As for calories, this meal is pretty close to what I already eat from various foods like Lean Cuisine and Progresso. Eventually, I would like to put up a side-by-side comparison of foods.

But from personal experience, the amount of food you get from mandarin chicken and chicken fried rice is par to keep your belly from grumbling.

Why Freeze the Leftovers?

Freezer Meals

If you sit the containers in the fridge, the clock begins ticking. Fridge leftovers have a very short timeline and can go bad quickly, depending on what you cook.

Freezing the meals expands their lifespan of being edible. While you’ll still have to worry about freezer burnt food, this gives you a several weeks to eat the mandarin chicken as opposed to several days.

Besides, I have far more room in my deep freezer than I do in the fridge.

Another aspect of freezing is I can add different meals throughout the week without the pressure of eating something that is about to go bad in the fridge. For example, after tonight I will have mandarin chicken, shitake mushroom chicken and kung pao chicken all in containers in the freezer.

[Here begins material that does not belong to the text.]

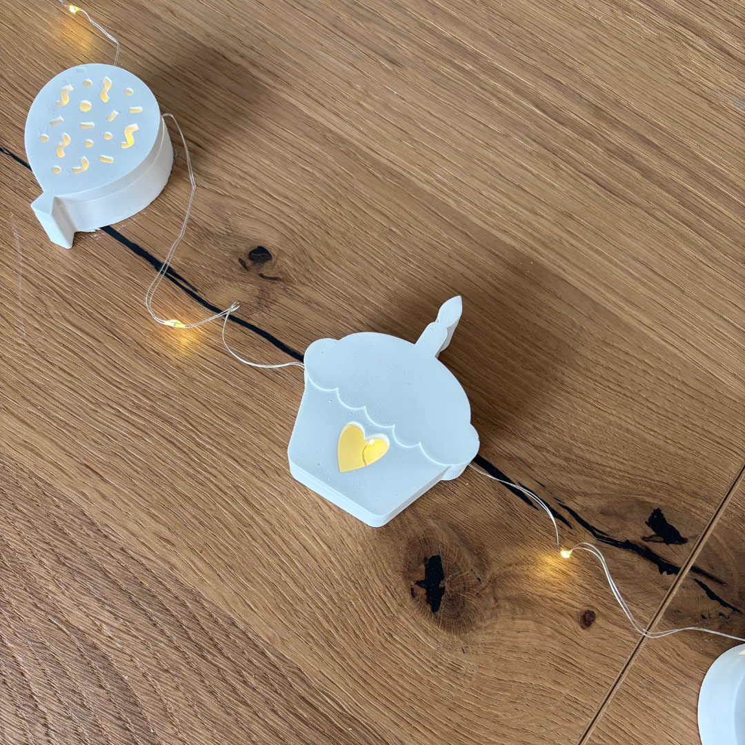 Die Form besteht aus einem Cupcake-Motiv mit passendem Cover und Rückseite – alles in einer Form vereint. Du kannst die Teile entweder als Lichterketten-Element nutzen oder auch einzeln dekorativ einsetzen und deiner Kreativität freien Lauf lassen.

Yes, I have a thing for chicken.

Saving Money While Eating Healthier

In most manufactured products, or even fast food restaurants, you pay dearly for convenience. Just by making my own frozen dinners, I cut the cost in half as opposed to dishes prepared by Lean Cuisine or Weight Watchers.

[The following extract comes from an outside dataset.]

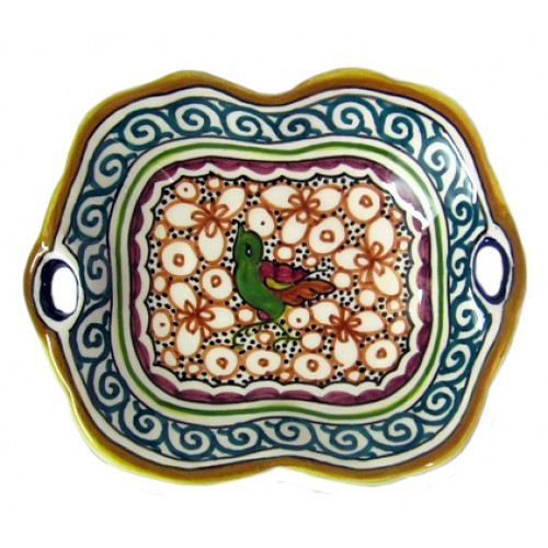 Travessa pequena com asas decorada totalmente à mão com a pintura de Coimbra, século XV

Mostly this is because of properly portioning out your groceries. Most of us are extremely overfed without realizing it. And once you get used to eating proper portion sizes, trying to consume as much as you did in the past becomes difficult.

I know because a recent pizza put me in the hurt locker by eating way too much.

Prepare it Yourself

You can save a lot of money and time by preparing your own meals. The mandarin chicken dish above is just one example of sticking to a low-calorie diet and having good food to boot. For the most part, is just takes a bit of effort and microwave-safe containers. For $50, one person can easily eat lunch and dinner for more than two weeks.